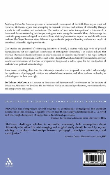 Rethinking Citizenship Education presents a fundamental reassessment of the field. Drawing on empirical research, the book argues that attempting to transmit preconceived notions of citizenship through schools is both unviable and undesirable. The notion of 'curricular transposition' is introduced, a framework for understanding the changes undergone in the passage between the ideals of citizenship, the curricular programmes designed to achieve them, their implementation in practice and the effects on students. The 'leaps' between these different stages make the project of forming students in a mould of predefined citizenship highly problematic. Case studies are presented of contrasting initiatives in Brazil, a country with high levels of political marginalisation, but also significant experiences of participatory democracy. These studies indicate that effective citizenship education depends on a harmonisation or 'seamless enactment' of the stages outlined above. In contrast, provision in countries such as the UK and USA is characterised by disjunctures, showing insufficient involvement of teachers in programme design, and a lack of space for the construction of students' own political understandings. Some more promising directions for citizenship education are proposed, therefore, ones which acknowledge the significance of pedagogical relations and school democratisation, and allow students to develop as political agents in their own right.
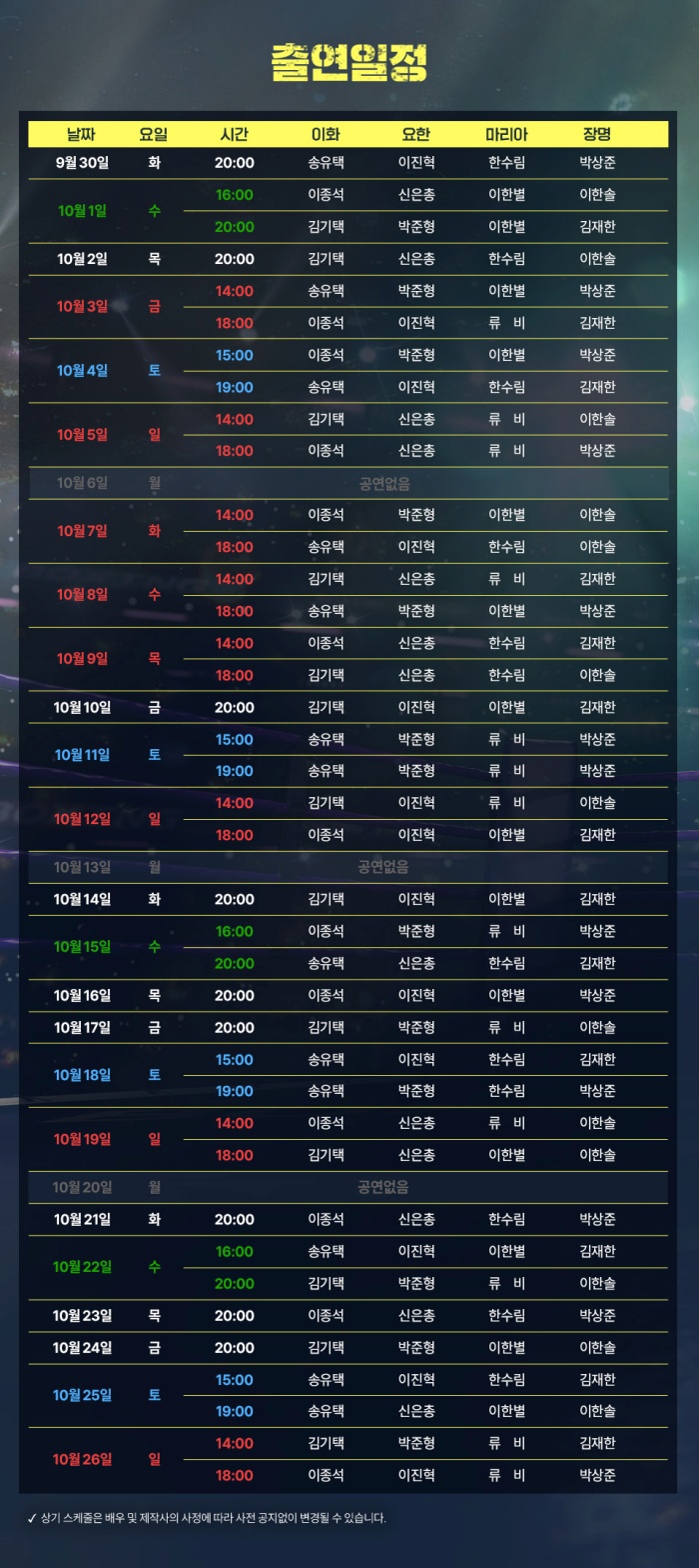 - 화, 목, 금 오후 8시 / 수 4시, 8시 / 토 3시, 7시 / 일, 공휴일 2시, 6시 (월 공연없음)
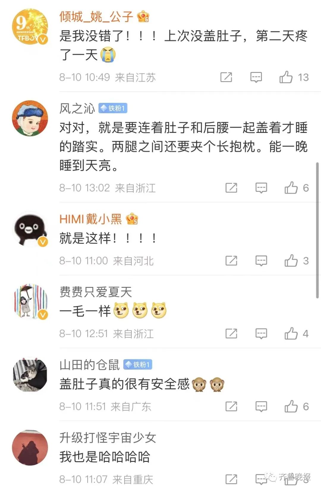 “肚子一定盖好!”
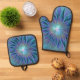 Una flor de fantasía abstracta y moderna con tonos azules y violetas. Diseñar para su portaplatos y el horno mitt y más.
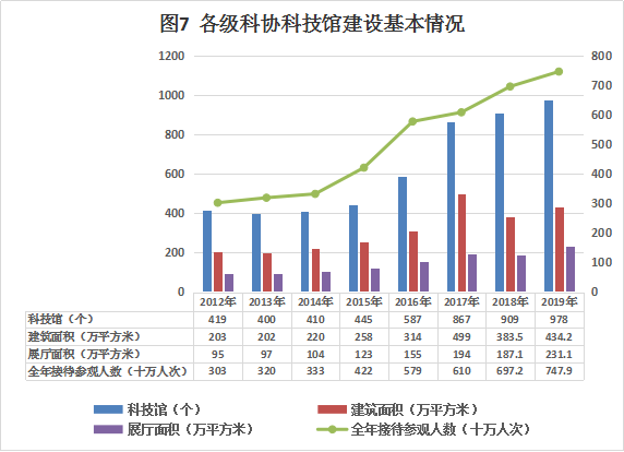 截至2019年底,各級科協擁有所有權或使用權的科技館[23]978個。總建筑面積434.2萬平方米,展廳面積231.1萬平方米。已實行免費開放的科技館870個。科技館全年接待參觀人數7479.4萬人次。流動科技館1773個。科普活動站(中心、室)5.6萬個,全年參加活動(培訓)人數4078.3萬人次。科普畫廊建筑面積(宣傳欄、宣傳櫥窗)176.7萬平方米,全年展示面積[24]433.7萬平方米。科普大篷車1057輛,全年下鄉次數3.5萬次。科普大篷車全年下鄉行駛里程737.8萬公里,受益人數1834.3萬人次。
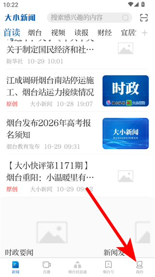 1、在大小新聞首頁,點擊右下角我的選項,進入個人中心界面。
* * *
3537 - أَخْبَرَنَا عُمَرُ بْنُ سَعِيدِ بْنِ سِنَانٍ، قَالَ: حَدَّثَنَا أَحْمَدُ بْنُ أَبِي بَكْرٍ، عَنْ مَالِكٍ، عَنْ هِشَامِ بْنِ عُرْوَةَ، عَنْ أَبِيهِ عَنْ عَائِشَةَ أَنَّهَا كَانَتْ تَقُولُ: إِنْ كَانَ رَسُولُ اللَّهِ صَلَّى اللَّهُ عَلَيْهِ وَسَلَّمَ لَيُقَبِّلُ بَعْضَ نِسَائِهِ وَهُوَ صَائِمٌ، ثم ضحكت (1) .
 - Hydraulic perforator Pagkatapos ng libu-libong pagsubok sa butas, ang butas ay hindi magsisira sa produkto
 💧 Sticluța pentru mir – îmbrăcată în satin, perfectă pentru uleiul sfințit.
...
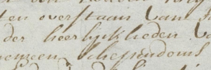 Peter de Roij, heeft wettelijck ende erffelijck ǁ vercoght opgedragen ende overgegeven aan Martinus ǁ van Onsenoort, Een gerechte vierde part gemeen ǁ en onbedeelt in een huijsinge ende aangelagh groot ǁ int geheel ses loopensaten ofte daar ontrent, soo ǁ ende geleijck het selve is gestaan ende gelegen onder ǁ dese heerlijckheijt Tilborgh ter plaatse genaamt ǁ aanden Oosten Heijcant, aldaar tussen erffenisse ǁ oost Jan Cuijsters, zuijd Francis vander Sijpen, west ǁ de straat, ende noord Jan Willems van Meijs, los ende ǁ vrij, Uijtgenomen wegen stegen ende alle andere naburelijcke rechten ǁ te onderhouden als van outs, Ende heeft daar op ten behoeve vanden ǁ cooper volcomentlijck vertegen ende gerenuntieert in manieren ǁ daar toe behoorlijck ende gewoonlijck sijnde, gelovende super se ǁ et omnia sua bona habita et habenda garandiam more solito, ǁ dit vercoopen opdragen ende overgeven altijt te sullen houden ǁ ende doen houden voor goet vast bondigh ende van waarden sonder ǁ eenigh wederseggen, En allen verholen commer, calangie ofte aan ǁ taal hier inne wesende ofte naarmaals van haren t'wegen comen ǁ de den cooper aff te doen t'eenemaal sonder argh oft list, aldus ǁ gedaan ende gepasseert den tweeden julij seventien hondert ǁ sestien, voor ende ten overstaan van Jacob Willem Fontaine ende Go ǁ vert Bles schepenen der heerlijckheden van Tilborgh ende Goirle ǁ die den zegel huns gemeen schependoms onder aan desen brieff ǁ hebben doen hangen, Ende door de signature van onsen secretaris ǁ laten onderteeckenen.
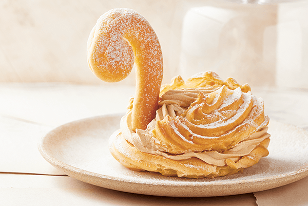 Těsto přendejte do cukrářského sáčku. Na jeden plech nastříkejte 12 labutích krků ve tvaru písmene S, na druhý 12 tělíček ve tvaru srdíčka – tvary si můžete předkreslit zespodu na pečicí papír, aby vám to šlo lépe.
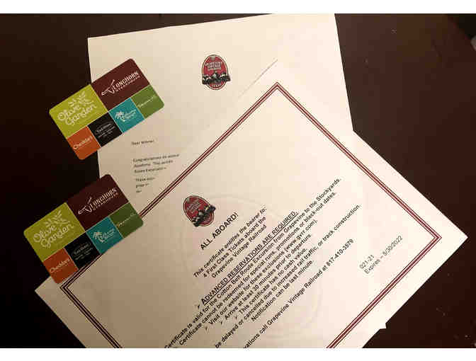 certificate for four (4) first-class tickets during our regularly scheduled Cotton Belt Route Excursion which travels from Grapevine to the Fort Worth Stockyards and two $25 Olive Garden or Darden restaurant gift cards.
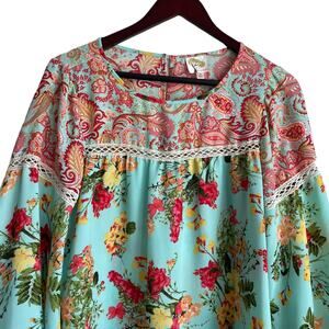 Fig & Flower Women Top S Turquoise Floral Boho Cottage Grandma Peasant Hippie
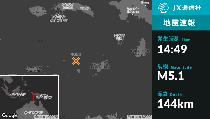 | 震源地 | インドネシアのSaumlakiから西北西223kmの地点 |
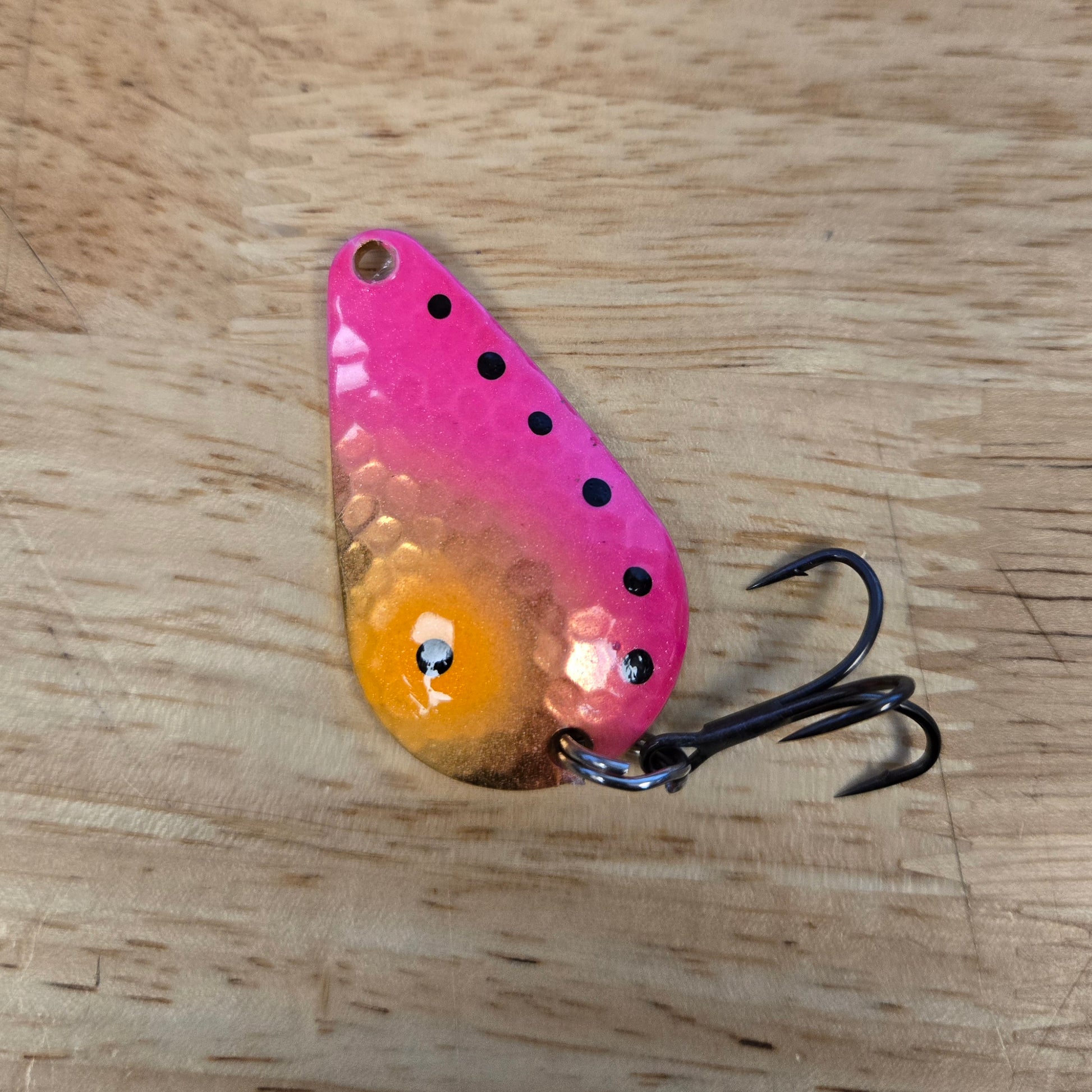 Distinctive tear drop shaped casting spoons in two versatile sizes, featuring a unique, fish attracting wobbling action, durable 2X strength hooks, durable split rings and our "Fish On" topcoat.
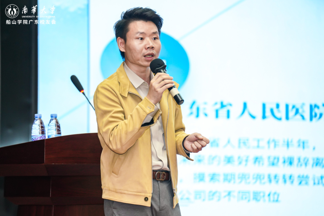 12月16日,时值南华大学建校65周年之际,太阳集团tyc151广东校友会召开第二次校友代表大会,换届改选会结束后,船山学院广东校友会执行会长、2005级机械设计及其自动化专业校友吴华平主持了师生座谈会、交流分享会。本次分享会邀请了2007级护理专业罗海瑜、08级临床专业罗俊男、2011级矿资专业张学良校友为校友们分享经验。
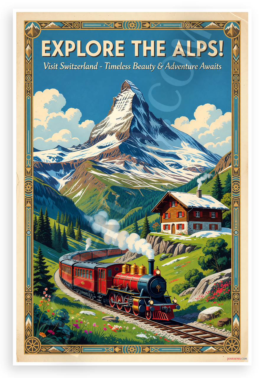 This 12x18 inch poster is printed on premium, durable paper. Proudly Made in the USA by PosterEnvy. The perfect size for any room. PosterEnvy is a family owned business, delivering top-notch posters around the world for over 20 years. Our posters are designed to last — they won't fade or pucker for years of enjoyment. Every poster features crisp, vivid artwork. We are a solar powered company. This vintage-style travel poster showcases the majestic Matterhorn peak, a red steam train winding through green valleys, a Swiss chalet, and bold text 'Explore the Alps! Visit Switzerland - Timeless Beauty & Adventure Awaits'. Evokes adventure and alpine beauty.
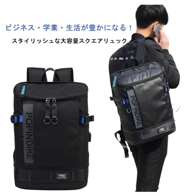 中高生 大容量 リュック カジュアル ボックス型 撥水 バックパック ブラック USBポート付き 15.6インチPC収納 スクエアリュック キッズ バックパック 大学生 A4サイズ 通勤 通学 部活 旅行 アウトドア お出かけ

* **Exercise**
When you reach the line in the material above that holds "- Hydraulic perforator", begin reproducing lines exactly, and stop after the line that holds "pentru uleiul sfințit.".

* **Expected answer**
 - Hydraulic perforator Pagkatapos ng libu-libong pagsubok sa butas, ang butas ay hindi magsisira sa produkto
 💧 Sticluța pentru mir – îmbrăcată în satin, perfectă pentru uleiul sfințit.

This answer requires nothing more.